Time series analysis has significant implications for interpreting production data in reservoir engineering. In 2001, Professor Bernhard Schölkopf of AT&T Labs proposed the One-Class Support Vector Machine (OC-SVM) method, which has since found broad application in outlier detection of reservoir time-series data [4]. In 2004, Wang Xuezhong developed a method for staging multilayer sandstone reservoirs based on time series data such as recoverable reserves and production rates in Gudong Oilfield. In 2024, Zuo Yi utilized time series data during numerical simulation of layered fault blocks in Gangdong Block II to support the division of reservoir development and evaluation stages [5]. Additionally, preprocessing of outliers in production dynamic data is essential. The widely adopted 3-sigma rule, introduced by Walter in the early 20th century, has been widely accepted in petroleum engineering.
Despite the various methods proposed for indicator extraction from time series data, current approaches struggle to perform real-time analysis amid the growing scale of digital oilfields, where each well generates large volumes of dynamic production data. As reservoirs mature, production data tend to exhibit strong nonlinearity and phase transitions, rendering traditional manual methods inefficient, highly subjective, and unsuitable for the demands of intelligent management. To address these limitations, this study adopts a hybrid approach that leverages OC-SVM and 3-sigma statistical principles to detect and process outliers in production dynamics using machine learning and statistical theory. Based on this cleaned time series data, production decline models (harmonic, hyperbolic, exponential) and waterflood characteristic curves (types A, B, C, and Zhang’s type) are applied to automatically extract key development indicators. This method significantly improves the efficiency and intelligence of key indicator extraction and holds great promise for supporting intelligent reservoir management.

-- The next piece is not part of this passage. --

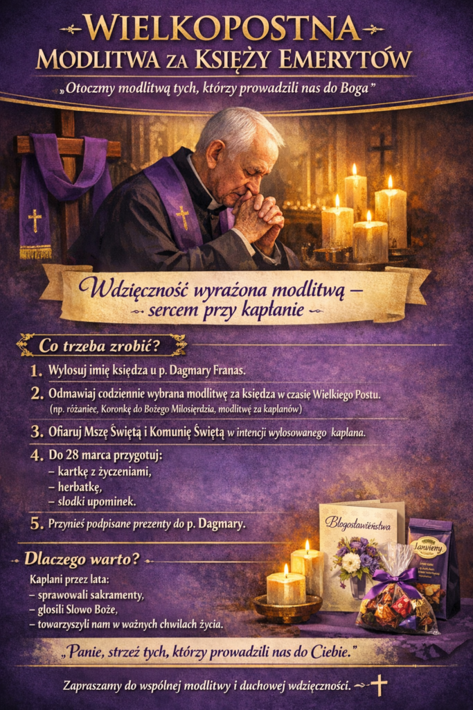 Modlitwa za Kapłanów 2026 Post published:26 lutego 2026 Może ci się spodobać również Pierwsza pomoc przedmedyczna 15 czerwca 2024 Wycieczka do Wrocławia 9 listopada 2024 Baśnie Dalekiego Wschodu 29 listopada 2024

2. Methods for Handling Anomalies in Production Dynamic Data

To eliminate anomalies in production dynamic data, this study applies both the One-Class Support Vector Machine (OC-SVM) and the 3-Sigma method to process time-series production data. Furthermore, to reduce volatility in the dataset, monthly production averages are computed and adjusted accordingly.
To systematically evaluate the applicability and effectiveness of an intelligent time-series-based extraction method for key development indicators, this study employs producing well groups from an offshore oilfield with phased commissioning as empirical research subjects. A multidimensional analytical framework was constructed to conduct systematic statistical analysis and comparative validate.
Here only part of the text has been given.